А вообще, если честно признаться, я как-то своеобразно хмелею, когда наблюдаю за ним. Он же лишь вчера оттуда, из Кремля. Он не я и не мы. Пришелец, уничтожавший и создававший созвездия. А мордой похож на нас, потому что в маске. Так бы и дернул за нос! А что открылось бы? Что-то хищное и звериное? А может, другое – лампочки, датчики, кнопки? Робот высокоорганизованной структуры? А может, я оттого балдею, что он в моей власти? Взять за пуговицу да и сказать ему, кто он и что я о нем думаю. Инфарктнулся бы старик.

И еще… я поймал себя на том, что жду, когда он начнет вещать. Жду, как чего-то гнусного, словно оправляться начнет в моем присутствии. Ведь он, в сущности, емкость, заполненная партийным бредом, и этот бред функционирует в его организме, как кровь. Бред его тоже красный. Что поделаешь, не воспринимаю я его как нормального человека, а ненормальность его слишком сложна для моего худого умишка, оттого то злобой вскипаю, то… робею и чувствую себя погано…

У него наверняка таких проблем нет. Он-то уж уверен, что мы – самые, самые, потому что он сам – самый, а язык наш великий и могучий, если им разговаривал Ленин, и они, борзомордые, меж собой и с народом на этом же языке говорят…

Но когда он со мной говорит о чем-либо, у меня такое впечатление, что он каждую фразу сперва мысленно переводит на русский с какого-то другого языка, на котором такие, как он, общаются, когда их никто не видит и не слышит, как блатные на своей фене.

Вот! Понял! Додумался, кто они такие. Они воры в законе. В государственном законе. Паханы! Правда, если честно, то Жорж тоже очень смахивает на пахана. А я, как ни крути, и тут и там – шестерка. Мелочь! Когда пел, такого не чувствовал. Наоборот, иногда будто крылья за спиной во всю глубину сцены и даже банды своей за спиной не чувствуешь. Только я и они, те, что напротив, и лес рук, взметнувшихся в ритм моего рева. Никакой алкоголь не способен давать такой кайф!

Ну, не дурак ли! Рву себе душу, а надо бы вычеркнуть все это из сознания. Так ведь и повеситься можно… И банда моя… так торопливо они со мной расстались. И Зинка, стерва гитарная…

…Ну вот, наконец-то случилось! Пахан пошел на беседу. Осторожненько, куда, мол, еду и чего на месте не сидится. Я неторопливо выдал ему отработанную с Жоржем туфту.

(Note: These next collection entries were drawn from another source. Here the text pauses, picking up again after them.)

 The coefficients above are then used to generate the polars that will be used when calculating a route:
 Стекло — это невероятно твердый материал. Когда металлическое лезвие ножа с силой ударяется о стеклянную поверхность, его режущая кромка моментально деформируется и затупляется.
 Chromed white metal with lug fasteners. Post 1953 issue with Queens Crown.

Тошно стало добру молодцу топтать окурки по Арбату, прослышал, что можно землю взять на подряд и коровушек с чушками, а потому и спешу внести свой вклад в решение продовольственной программы, чтобы культурным людям в столице нашей великой Родины было чем закусить в перерывах между умственным напряжением.

Как он засиял! Его жена от зависти скрючилась бы, увидев, каким влюбленным взглядом он смотрел на меня к концу моей немногословной исповеди. Вот же суки! Изобрели ловушку для дураков. Давайте, энтузиасты, хватайте работенку, чтоб с утра до ночи, а то ведь колхознички совсем обленились, обнаглели, расхамились, не желают союзнички пролетариата кормить его передовой отряд! Вы же, энтузиасты, истосковались по землице, мы вам вашу тоску удовлетворим, стричь будем культурнее, чтобы хоть на хвосте клок шерсти оставался для разводу!

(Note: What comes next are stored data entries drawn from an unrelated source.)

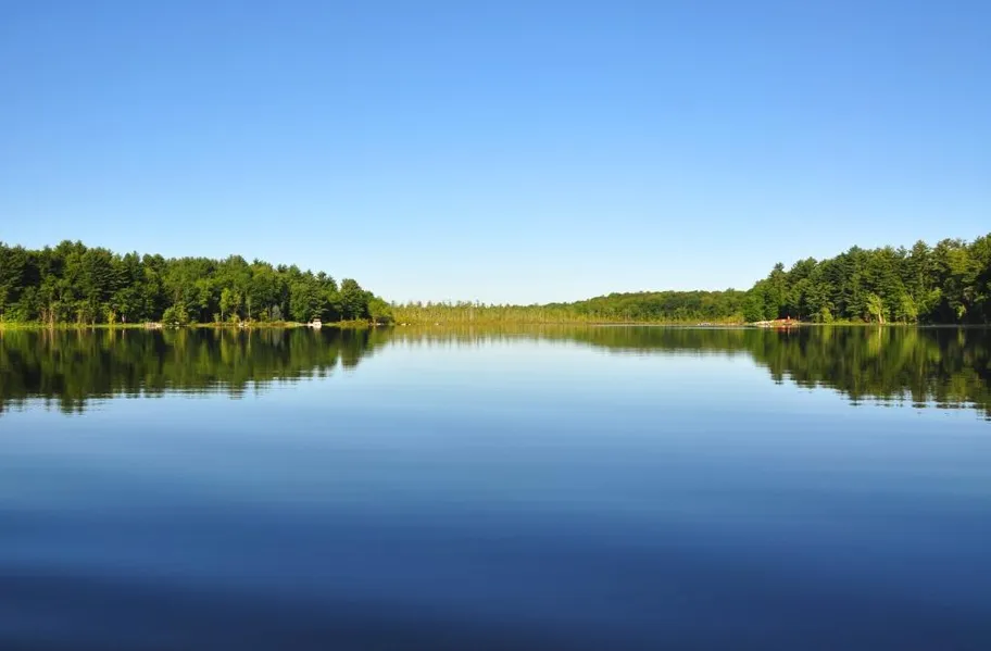 Mature hardwoods forest of cherry, ash and maple. Also massive white pines and hemlock trees for evergreen cover. Ancient stone wall along paved roadfront. Excellent bass fishing with deep water off shoreline. Great duck and geese habitat.
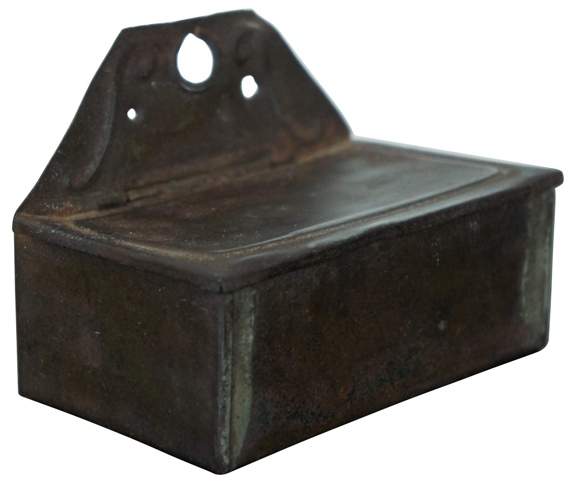 Antique folk art wall hanging match safe with simple scroll work accents.
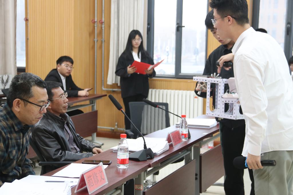 园艺与林学学院设施工程系主任杜红斌、工程实验室副主任王新建、信息工程学院团委书记潘莎莎、水利与建筑工程学院团委副书记李同玺、农业工程系党总支书记范修文、兵团大学生创新实验室主任刘媛媛担任专家评委。答辩会采取“3+3”模式,即参赛者进行3分钟项目讲解和3分钟评委专家提问。
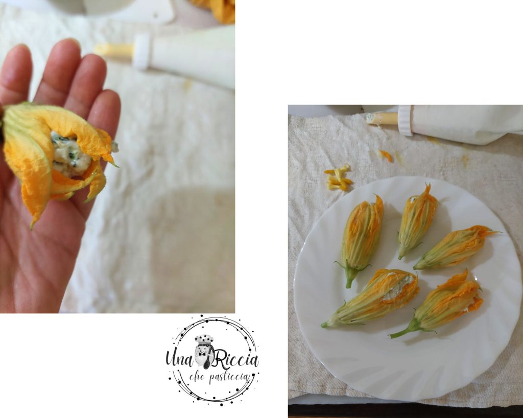 Take one flower at a time and fill it with the ricotta using the piping bag, trying not to overfill. Place the stuffed flowers on a plate or work surface and continue until all ingredients are used.
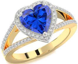 Diamond Blue Sapphire Gold Silver Heart Halo Pave Engagement Ring
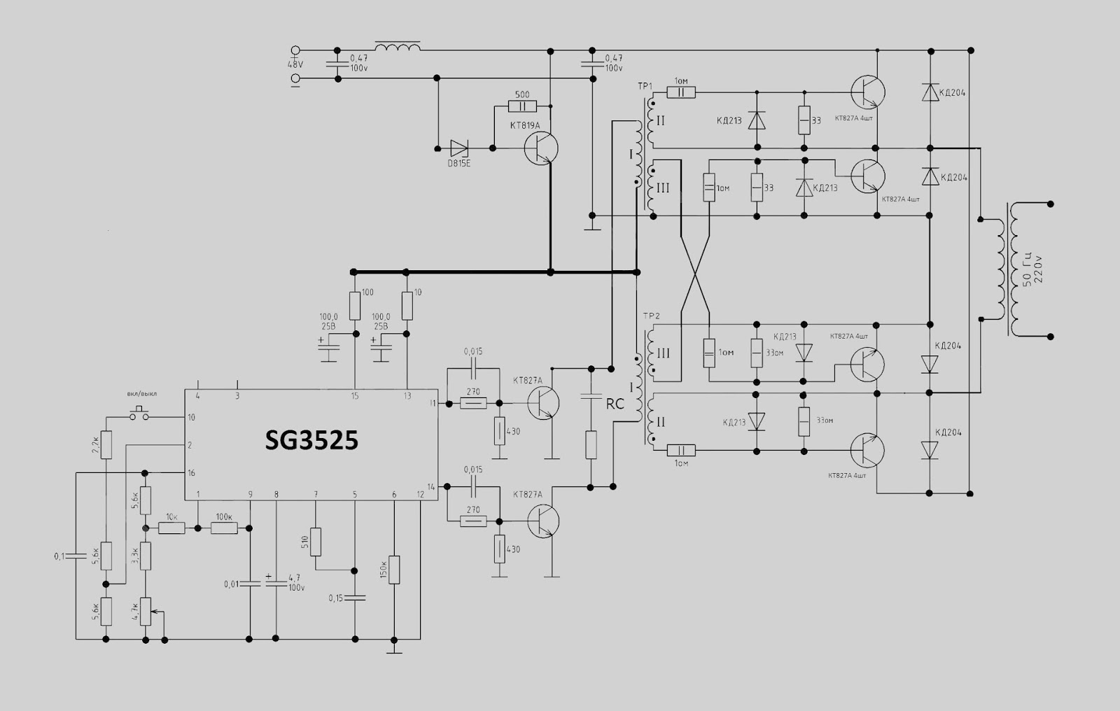 Это повышающий двухтактный DС-DС преобразователь, основой служит шим контроллер SG3525, в отличие от старой доброй TL494 эта микросхема имеет мощный выход и способна управлять полевыми транзисторами с большой ёмкостью затвора без дополнительного драйвера.
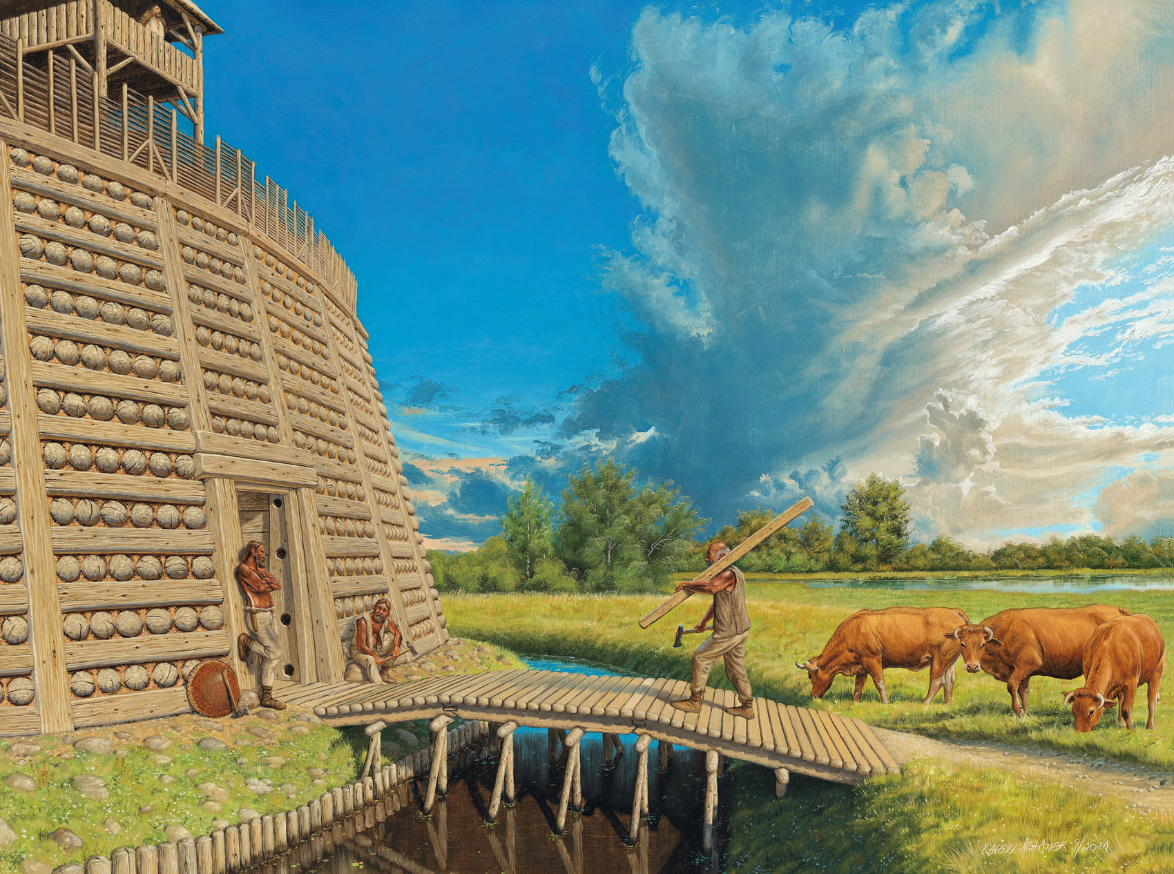 Rekonstruktion einer slawischen Rundburg des 9.-10. Jahrhunderts. Die offenen Dörfer der Einwanderergeneration wurden östlich der Elbe aufgrund des fränkisch-sächsischen Eroberungsdrucks ab dem 8. Jahrhundert zugunsten befestigter Anlagen aufgegeben.

Засуетился старикан, засиял весь, руками стал взмахивать, вещая мне о том, как важно, чтоб человек был заинтересован в труде, и так-то уж возлюбил меня, что весь масленый стал от пальцев до ушей. Я тут и подкинул ему по сценарию, что, мол. беспокоюсь, не будет ли мне препятствий в энтузиазме в той дыре, куда еду. Мгновенно пахан мой изобразил многозначительность взгляда и предложил свое содействие моему патриотическому намерению, если я сойду с поезда станцией раньше и направлюсь в те места, куда он едет сам и где, как я должен уже понять, у него есть некоторая возможность помочь мне в устройстве моих благородных дел. Я проявил заинтересованность, согласился подумать над его предложением и выключился из разговора, чем явно не обрадовал старика, потому что он настроился на продолжительный разговор про героизм честных тружеников и про свою любовь к ним.

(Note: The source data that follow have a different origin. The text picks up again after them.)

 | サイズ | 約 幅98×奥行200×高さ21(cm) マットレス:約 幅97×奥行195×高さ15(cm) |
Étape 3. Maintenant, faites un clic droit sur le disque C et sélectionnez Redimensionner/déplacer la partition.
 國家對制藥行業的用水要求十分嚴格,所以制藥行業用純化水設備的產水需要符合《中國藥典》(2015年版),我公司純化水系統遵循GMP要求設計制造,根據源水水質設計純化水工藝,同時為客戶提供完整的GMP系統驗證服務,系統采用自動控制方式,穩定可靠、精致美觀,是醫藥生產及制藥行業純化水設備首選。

А на меня снова накатило! Неприятное и унизительное состояние! Злость вызревает где-то под сердцем, ей-Богу, чуть ли не в желудке, это почти физическое состояние, и потом я чувствую, как эта вызревшая злость поднимается, проходит мимо сердца, по крайней мере, я сердцем ничего не ощущаю, где-то у горла она скапливается, меня почти тошнит, и вдруг в голову, в виски, в затылок, перед глазами какие-то мелкие-мелкие точки, и, наверное, лицо начинает краснеть (ни разу не видел себя в зеркале в такой момент), но я чувствую прилив крови к лицу и ушам, а челюсти уже сжаты, и пальцы рук напряжены, словно в любую минуту готовы вскинуться кулаком и сокрушить что-то или разбрызгаться кровью в бессилии сокрушения.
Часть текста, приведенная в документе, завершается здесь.